Very true! A good example of this is paypalsucks.com
paypalsucks.com is a site which ranks 3rd result in google for the keyword "paypal." Basically every paypal employee knows of paypalsucks.com
paypalsucks.com is something which definitely hurts paypal.
The reason why paypalsucks.com ranks so well is because many people feel a lot of emotion i.e. hate towards paypal since this company has ripped a lot of people off (myself included).
As a matter of fact I have linked to paypalsucks.com in my diretory, for this very. reason. I can definitely relate to what you are saying, Aaron!
People definitely like to hate things and read negative reviews. If you did a really good job of writing of a blog full of list type articles you could create some really easy link bait. Sensationalist stuff works extremely well on social media sites. If I was going to open up a payday loan site or debt consolidation, some industry full of sketchy characters I may mold a online marketing strategy around that.
Hi Aaron,
The following bullet point from your linked to post (i.e. your review of Mr. Reed's book) interest me greatly. I suspect you've likely elaborated on these topics before...if so, can you point to some of your material that best elaborate (maybe with an example), please? I know you are very busy...and I hope you have time to reply...but either way thank you very, very much for sharing as you do.
Your bullet point:
"He fails to mention pay per click marketing at all, which is huge for how to book publishing, and may even prove useful to find the right topics to write on or how much demand there is for a topic BEFORE you even write the first word. If he is recommending that search drives the bulk of your sales surely he should mention how to research market volume?"
Very interesting post and that has been a topic of many meetings for us.
As Solomon mentioned about Debt Consolidation, we are in that exact field (kind of) Credit Repair.
It has a horrible, horrible reputation. We work our rears off to be ethical, honest and keep our business practices as transparent as possible.
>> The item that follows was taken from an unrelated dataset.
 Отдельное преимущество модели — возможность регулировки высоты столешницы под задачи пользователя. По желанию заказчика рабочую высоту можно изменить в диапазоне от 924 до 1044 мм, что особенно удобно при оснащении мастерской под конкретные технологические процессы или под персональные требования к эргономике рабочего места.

There is one credit repair company that is just ruining the industry and they are huge. We've made the decision to never point out their unscrupulous ways, but man I wish somebody would.
Peoples views on this topic will be interesting.
I can agree with Marcs sentiments. I'm a website developer that is trying to do 'the right thing', i.e. build usable accessible websites to W3C standards, and the web design industry is full of folk with a copy of Dreamweaver who churn out hard to maintain table based non-semantic sites. Now it would be easy to start pointing fingers, and use these negative articles as linkbait, but what would be the impression of a site full of vitriolic bile? This approach will get the links and ranking, but what can you do with it? Surely Aarons approach to SEO is about getting the right traffic? Visitors who are motivated to use your services, not just bitter folk wanting a 'yeah, me too' kind of rant? One positively motivated visitor is worth a heap of negative visitors?